Without the pictures, retype exactly the lines from the top of the entries below through the line that contains "Off The Shoulder".

Supplied entries:

══════════════════════════════

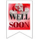 This bunting banner features a collection of white balloons over a red and white background displaying the words "Get Well Soon" with a red/black rose typograph style in this Get Well Soon theme. All banners have single sided printing outdoor safe and made with thick plastic rope has (16) 5.5" x 8" swallowtail flags on a 6' long string.
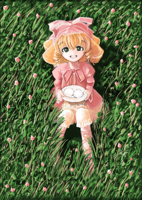 「こっち、座ってなの」草花に埋もれた雛苺が、左のよこちょをぺんぺん叩く。
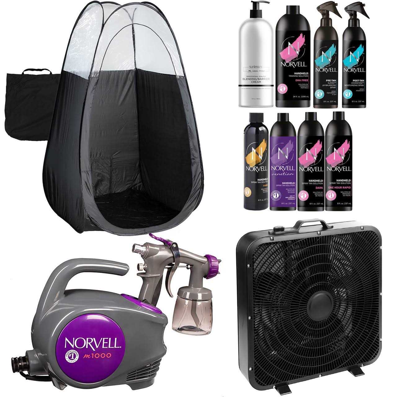 Norvell Sunless Kit M1000 Mobile Hvlp Spray Tan Airbrush Machine + 8 Oz Tanning Solutions In Ultra Vivid ‘Cosmo’, Venetian and Dark + Norvell
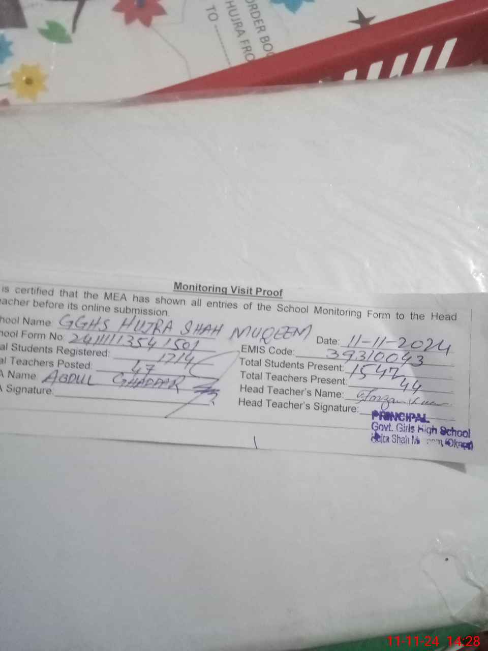 | EMIS Code: 39310043 | Name of School: GGHS HUJRA SHAH MUQEEM | |||
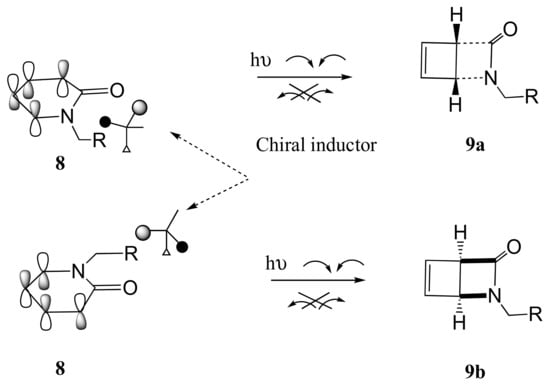 - Grosch, B.; Bach, T. Chiral Photochemistry. In Chiral Photochemistry; Inoue, Y., Ramamurthy, V., Eds.; Marcel Dekker: New York, NY, USA, 2004; pp. 315–340. [Google Scholar]
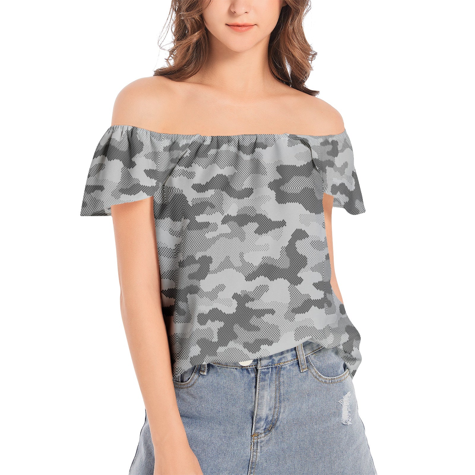 Off The Shoulder Camo Top | Digital Gray Camouflage
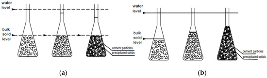 CS is measured on a fully saturated sample. Excess water is imbibed into the hydrated cement paste and volume change can be measured. Accordingly, the thickness of the cement paste sample should be small enough to allow water penetration to the entire depth of the sample. The CS can be measured by either the volumetric or gravimetric techniques. The volumetric technique can be conducted using either the dilatometry or the pycnometry method (Figure 3a,b). The first volumetric method involves measuring the change in the water level which is indicative of the volume change inside the sample. This methodology was firstly developed by Le Chatelier [16] and is generally denoted as the dilatometry measurement method [37,38,39] which can be calculated as follows:

══════════════════════════════

Response box:
 This bunting banner features a collection of white balloons over a red and white background displaying the words "Get Well Soon" with a red/black rose typograph style in this Get Well Soon theme. All banners have single sided printing outdoor safe and made with thick plastic rope has (16) 5.5" x 8" swallowtail flags on a 6' long string.
 「こっち、座ってなの」草花に埋もれた雛苺が、左のよこちょをぺんぺん叩く。
 Norvell Sunless Kit M1000 Mobile Hvlp Spray Tan Airbrush Machine + 8 Oz Tanning Solutions In Ultra Vivid ‘Cosmo’, Venetian and Dark + Norvell
 | EMIS Code: 39310043 | Name of School: GGHS HUJRA SHAH MUQEEM | |||
 - Grosch, B.; Bach, T. Chiral Photochemistry. In Chiral Photochemistry; Inoue, Y., Ramamurthy, V., Eds.; Marcel Dekker: New York, NY, USA, 2004; pp. 315–340. [Google Scholar]
 Off The Shoulder Camo Top | Digital Gray Camouflage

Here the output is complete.